Groundbreaking work being done at St. Jude Children's Research Hospital is being nationally recognized.

Dr. James Downing, the head of the Pediatric Genome Project, is nominated for TIME Magazine's Top 100 Influential People of the World.

MORE: Vote for Dr. Downing

Dr. Downing says as the administrator of St. Jude's Pediatric Genome Project, he's just the face for a team of the world's leading scientists.

"We see ourselves as a global leader, we see St. Jude as an organization that has to tackle certain problems that nobody else will tackle," he said.

The Pediatric Genome Project is like none other in the world. It's the largest of its kind. Phase one of the $65 million project just wrapped up.

"At the time we did that, only a single human cancer had been sequenced, but we said, we were going to sequence 600 in three years," Dr. Downing said. "We came to the conclusion that it was really time for somebody to roll up their sleeves, commit the money, commit the effort, and sequence the whole genome of pediatric cancer."

A team of 250 are on the project. Using the best technology in the world, scientists take a tumor cell, isolate its DNA, then shatter it into billions of pieces. Then through chemical reactions the sequence the base pairs 30 times each.

That's 100 billion pieces of information.

"If you were to take that DNA sequence and type it onto a sheet of paper, single space, both sides, put it into a four-drawer file cabinet and then start stacking those four-drawer file cabinets, it would fill the pyramid bottom to top 30 times," Dr. Downing said.

All those sequences are compared to sequences of healthy tissue to determine where the mutations are. The discoveries have proven to be invaluable.
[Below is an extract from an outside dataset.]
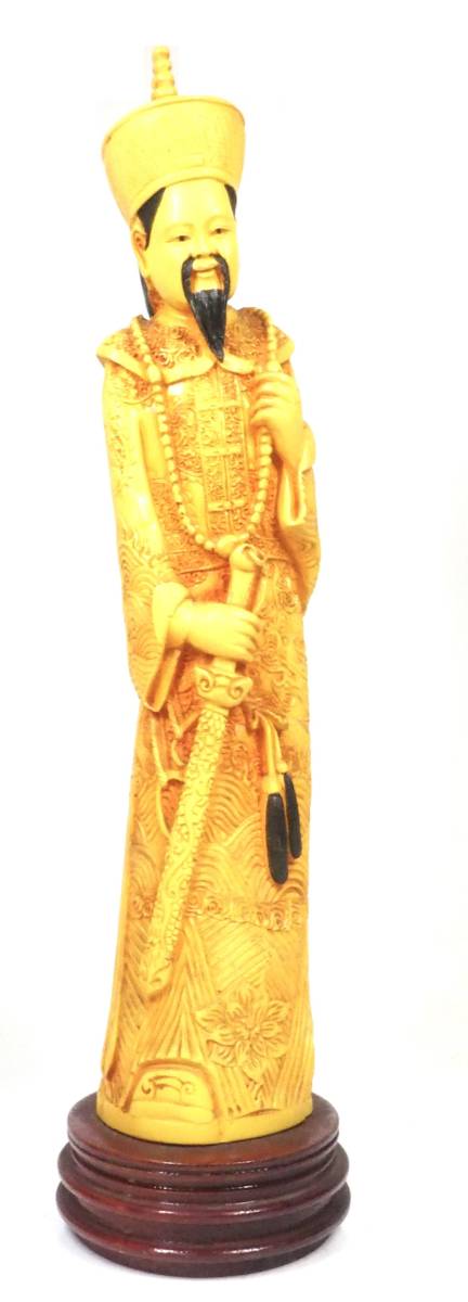 中国古玩  東洋彫刻  骨細工 中国皇帝彫刻像

"As the leader of the project, I had many sleepless nights," he said. "We're going to spend $65 million. Is it going to be worth it? Are we going to make the discoveries? Every cancer we've looked at, we've made discoveries we never dreamed of."

The project has now moved onto phase two, clinic trials on the discoveries, just four years into the project. This is moving at the speed of light when it comes to treatment of disease. Lives are being saved. Once again, St. Jude is the leader in curing childhood cancers.

"Who should lead that? And as we like to think here, if not St. Jude, then who."